[GOAL OF THE EXERCISE]
Once you find the line below that has "Henk Wijngaard –", output it and every line after it exactly, stopping after the line that has "2017年長城收包最多,占比", with no pictures.

[ENTRIES PROVIDED]
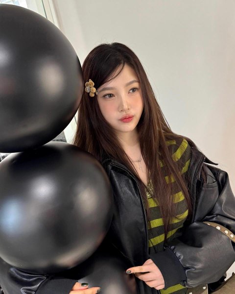 사진 속 조이는 부드러운 자연광이 스며든 실내에서 포즈를 취하고 있다. 이마 한쪽에는 귀여운 곰돌이 모양 머리핀을 착용해 큐트한 포인트를 주었고, 긴 생머리와 잔잔한 메이크업으로 특유의 자연스러움을 강조했다. 도톰한 블랙 가죽 재킷과 초록빛이 감도는 스트라이프 니트는 쾌청하면서도 다소 쌀쌀할 수 있는 4월 봄날씨에 잘 어울리는 아이템으로 눈길을 모았다. 전체적으로 차분하고 신비로운 무드와 함께, 검정색 대형 풍선을 들고 있는 듯한 포즈로 개성을 드러냈다. 조이는 가볍게 입술을 다문 채 부드러운 표정으로 카메라를 응시해, 고요하면서도 깊이 있는 감정을 전했다.
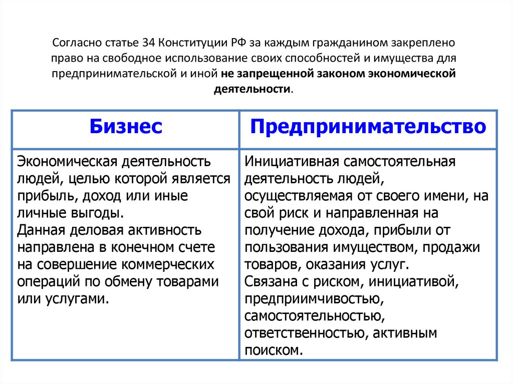Согласно статье 34 Конституции РФ за каждым гражданином закрепленоправо на свободное использование своих способностей и имущества для
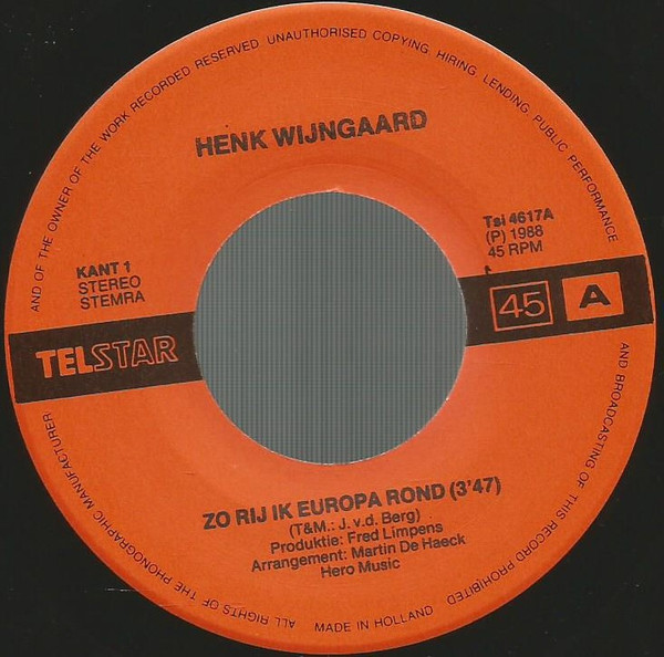 Henk Wijngaard – Zo Rij Ik Europa Rond (7″, Single)
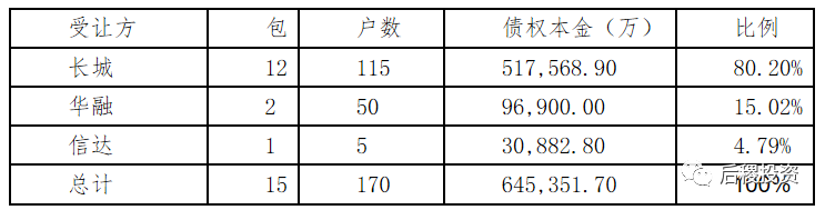 2017年長城收包最多,占比80%,華融次之,占比15%。預計18年,長城和華融有比較強烈的出包的意愿,民營投資機構可以尋找結構性組包的機會,后稷投資的合作伙伴華東長信歡迎同行交流。
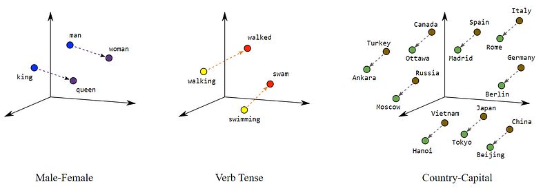 This machine learning technique models words as vectors in multidimensional space based on how they are used in massive text training datasets. Trained models can be used to quantitatively measure the difference between the meaning of two words (or sentences).

[EXPECTED ANSWER]
 Henk Wijngaard – Zo Rij Ik Europa Rond (7″, Single)
 2017年長城收包最多,占比80%,華融次之,占比15%。預計18年,長城和華融有比較強烈的出包的意愿,民營投資機構可以尋找結構性組包的機會,后稷投資的合作伙伴華東長信歡迎同行交流。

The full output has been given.